[[ SOURCE RECORDS, beginning ]]
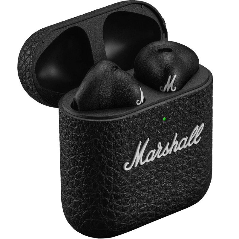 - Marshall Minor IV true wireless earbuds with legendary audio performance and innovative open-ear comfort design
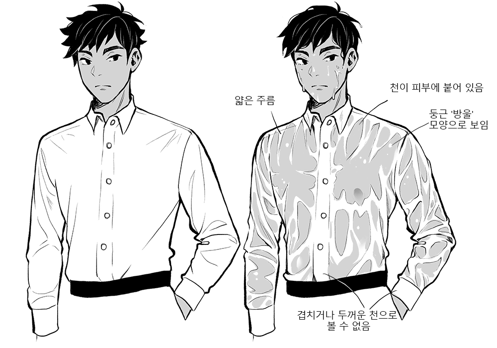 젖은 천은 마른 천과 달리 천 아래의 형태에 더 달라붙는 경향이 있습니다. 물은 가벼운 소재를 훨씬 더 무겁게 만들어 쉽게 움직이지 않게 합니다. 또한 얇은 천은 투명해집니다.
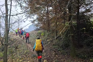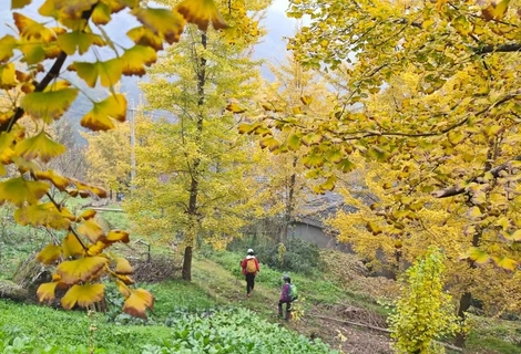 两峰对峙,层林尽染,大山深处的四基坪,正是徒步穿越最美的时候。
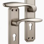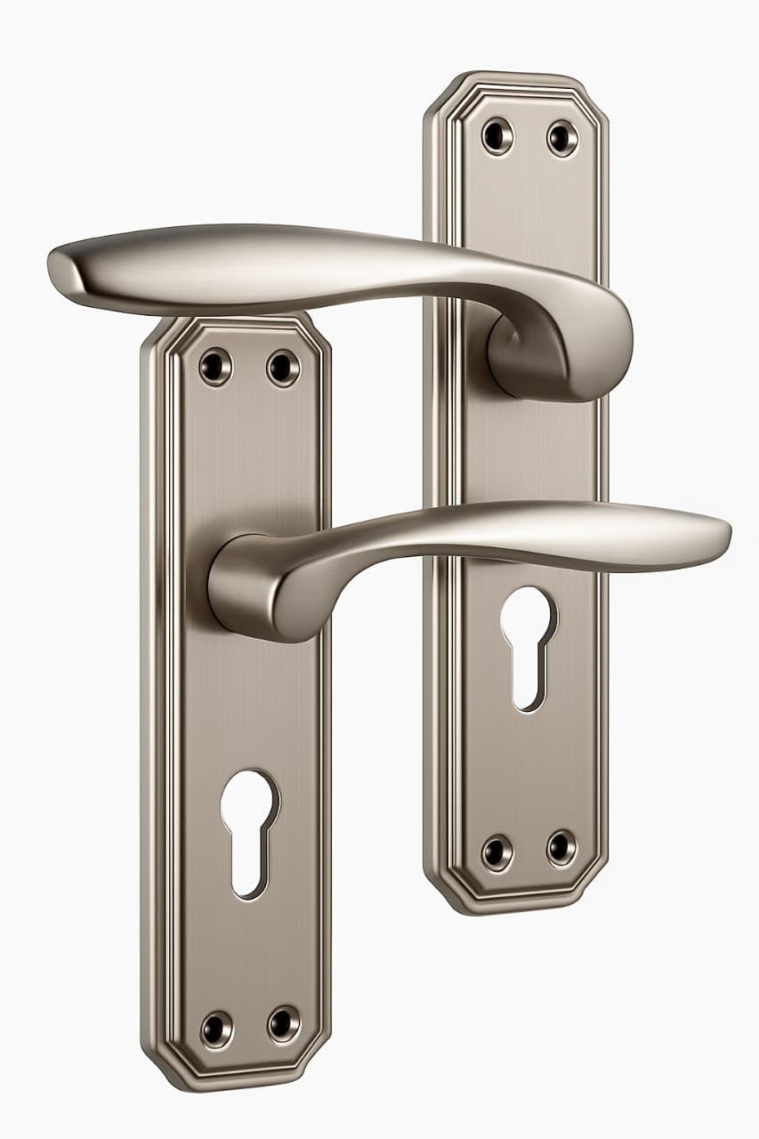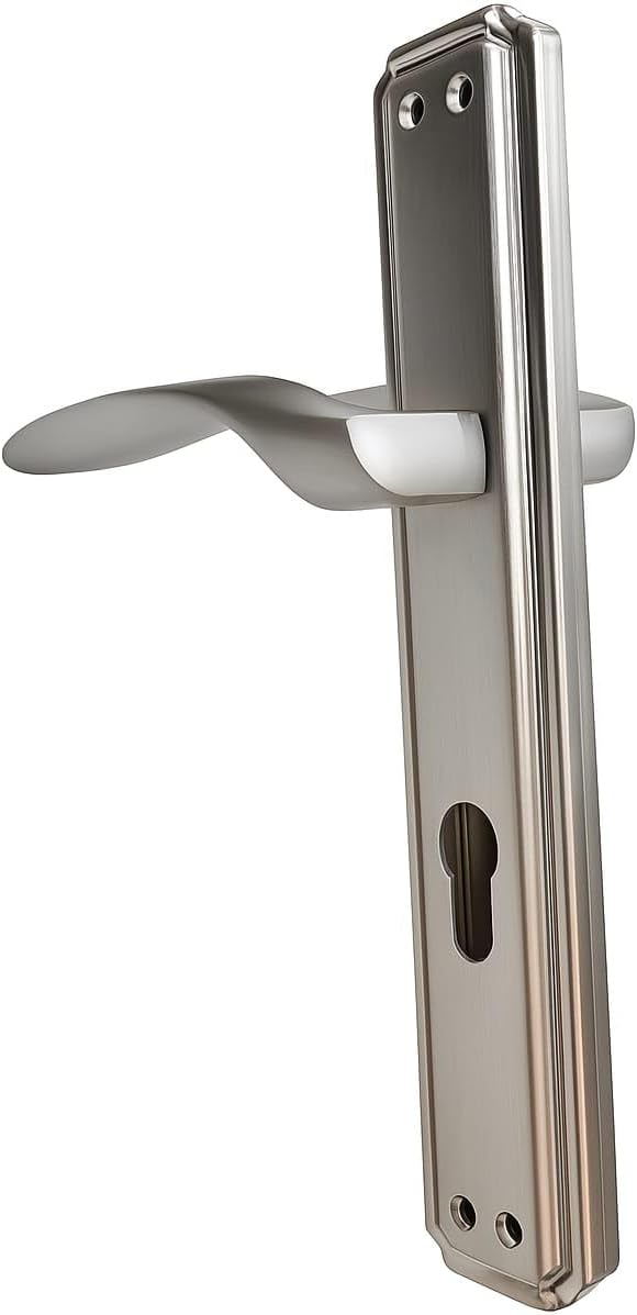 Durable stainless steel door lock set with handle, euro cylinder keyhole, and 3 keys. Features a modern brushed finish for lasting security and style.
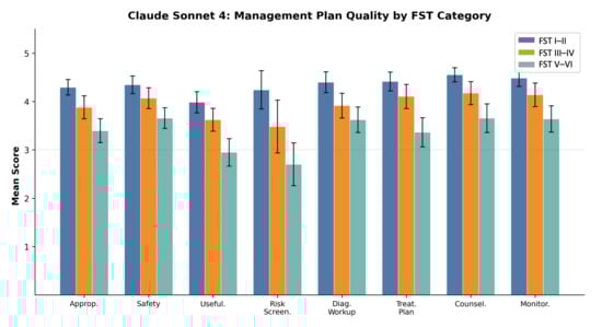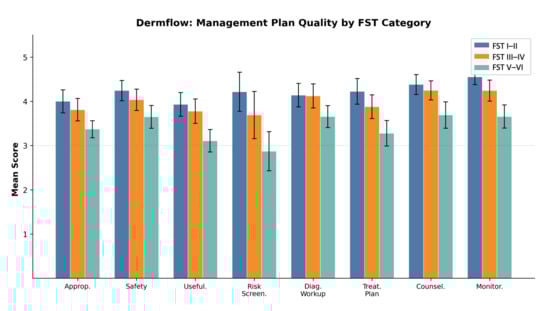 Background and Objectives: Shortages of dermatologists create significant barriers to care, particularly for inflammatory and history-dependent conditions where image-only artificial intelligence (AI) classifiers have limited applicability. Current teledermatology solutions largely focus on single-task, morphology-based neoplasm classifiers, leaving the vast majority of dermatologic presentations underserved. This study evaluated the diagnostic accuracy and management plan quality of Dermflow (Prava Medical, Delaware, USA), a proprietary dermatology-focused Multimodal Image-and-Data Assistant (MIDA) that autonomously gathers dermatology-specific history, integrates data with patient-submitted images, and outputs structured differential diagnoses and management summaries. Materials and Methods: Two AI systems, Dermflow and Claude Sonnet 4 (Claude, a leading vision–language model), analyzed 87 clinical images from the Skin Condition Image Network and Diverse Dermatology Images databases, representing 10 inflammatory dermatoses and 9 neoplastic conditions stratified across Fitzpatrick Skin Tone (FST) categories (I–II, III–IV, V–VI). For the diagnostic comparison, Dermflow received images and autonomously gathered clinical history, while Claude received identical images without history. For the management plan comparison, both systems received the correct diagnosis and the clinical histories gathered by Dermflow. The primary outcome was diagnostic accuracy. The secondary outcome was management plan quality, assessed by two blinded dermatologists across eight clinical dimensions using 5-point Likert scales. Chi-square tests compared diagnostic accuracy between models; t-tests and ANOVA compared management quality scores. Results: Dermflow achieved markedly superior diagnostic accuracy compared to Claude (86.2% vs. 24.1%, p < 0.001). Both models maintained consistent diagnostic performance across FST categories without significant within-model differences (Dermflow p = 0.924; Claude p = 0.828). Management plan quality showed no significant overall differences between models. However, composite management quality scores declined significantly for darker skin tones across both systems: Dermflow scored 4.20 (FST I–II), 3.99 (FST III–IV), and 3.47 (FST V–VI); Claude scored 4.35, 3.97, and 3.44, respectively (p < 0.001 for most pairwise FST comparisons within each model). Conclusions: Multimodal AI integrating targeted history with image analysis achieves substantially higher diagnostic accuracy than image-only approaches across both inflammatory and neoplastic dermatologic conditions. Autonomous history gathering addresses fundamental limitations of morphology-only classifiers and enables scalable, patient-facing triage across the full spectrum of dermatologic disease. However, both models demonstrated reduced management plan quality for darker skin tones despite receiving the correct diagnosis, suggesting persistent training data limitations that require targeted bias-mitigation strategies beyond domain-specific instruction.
[[ SOURCE RECORDS, end ]]
# AIM OF THE TASK
Copy word for word the span of the records above that begins at the line with "两峰对峙,层林尽染,大山深处的四基坪,正是徒步穿越最美的时候。" and ends at the line with "Durable stainless steel", including those two lines but not the pictures.

# EXPECTED OUTPUT
 两峰对峙,层林尽染,大山深处的四基坪,正是徒步穿越最美的时候。
 Durable stainless steel door lock set with handle, euro cylinder keyhole, and 3 keys. Features a modern brushed finish for lasting security and style.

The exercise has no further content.